44.1.6. agxRender::RenderProxy¶
Each subclass (primitive type) of RenderProxy need to be implemented for the specific render engine. The virtual methods that can/should be implemented are:
44.1.6.1. onChange¶
This method need to be implemented (pure virtual method) in your representation of a RenderProxy. It will receive calls from each of the set methods described below. Whenever a proxy is required to change color, shape, alpha or transform, this method will be called. Based on the event-type described in the enum agxRender::RenderProxy::EventType, you should update your rendering representation with the new current value. For the OpenSceneGraph implementation a code snipped looks like the following:
void onChange( RenderProxy::EventType type) {
switch( type ){
case (RenderProxy::ENABLE):
setEnableOSG(getEnable());
break;
case (RenderProxy::ALPHA):
setAlphaOSG(getAlpha());
break;
case (RenderProxy::TRANSFORM):
setTransformOSG(getTransform());
break;
...
So based on the event type different calls are done to the rendering API to reflect the changes into the rendering implementation.
44.1.6.2. updateShape¶
This method need to be implemented (pure virtual method) need to be implemented in your representation of a RenderProxy. It is specific for each shape. When this method is called (probably from your specific implementation of onChange(SHAPE)) the render proxy implementation need to update the rendering representation to reflect changes, such as changing radius for a sphere, change the triangle mesh structure or changing the size of a box.
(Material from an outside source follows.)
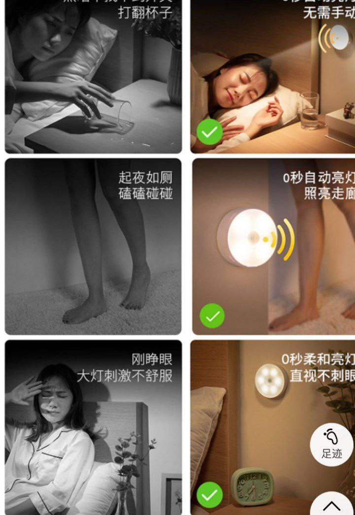 Veilleuse lumière de capteur de corps humain veilleuse  de contrôle de la lumière LED charge maison garde-robe allée escalier veilleuse sans fil

A code snippet from the OpenSceneGraph representation illustrate how it can be done:
void SphereProxy::updateShape( )
{
// Get the agx representation of the shape associated to this proxy
const agxCollide::Sphere *sphere = getCastShape();
if (sphere) // If there IS a shape associated, then read the radius from that
m_radius = sphere->getRadius();
// If radius is the same, then just dont do anything
if (agx::_equivalent((float)m_radius, m_data.shape->getRadius()))
return;
// Change the radius of the osg-sphere
m_data.shape->setRadius(m_radius);
m_data.geode->getDrawable(0)->dirtyDisplayList();
}
44.1.6.3. setTransform¶
virtual void RenderProxy::setTransform( const agx::AffineMatrix4x4& transform );
This method will set the m_transform member of the RenderProxy, then it will call onChange( TRANSFORM ) which indicates that the transform is changed. If m_transform == transform, no call to onChange will occur (to avoid unnecessary state changes. If you override this method, store transformation in m_transform and call onChange(TRANSFORM).
44.1.6.4. setColor¶
Store a color in m_color and call onChange(COLOR). If color == m_color, no call to onChange will occur to reduce state changes. If you override this method, update m_color and call onChange(COLOR).
44.1.6.5. getColor¶
This method return the color of the proxy, the value in m_color. You can override this method to return the color as stored somewhere else, just make sure you sync with the m_color member attribute.
44.1.6.6. setAlpha¶
Set the transparency value of the proxy. The implementation will store alpha in m_alpha and call onChange(ALPHA). If you override this implementation, you need to update m_alpha, and call onChange(ALPHA).
44.1.6.7. getAlpha¶
Return the value of the m_alpha member attribute. If you override setAlpha you might want to also override this method.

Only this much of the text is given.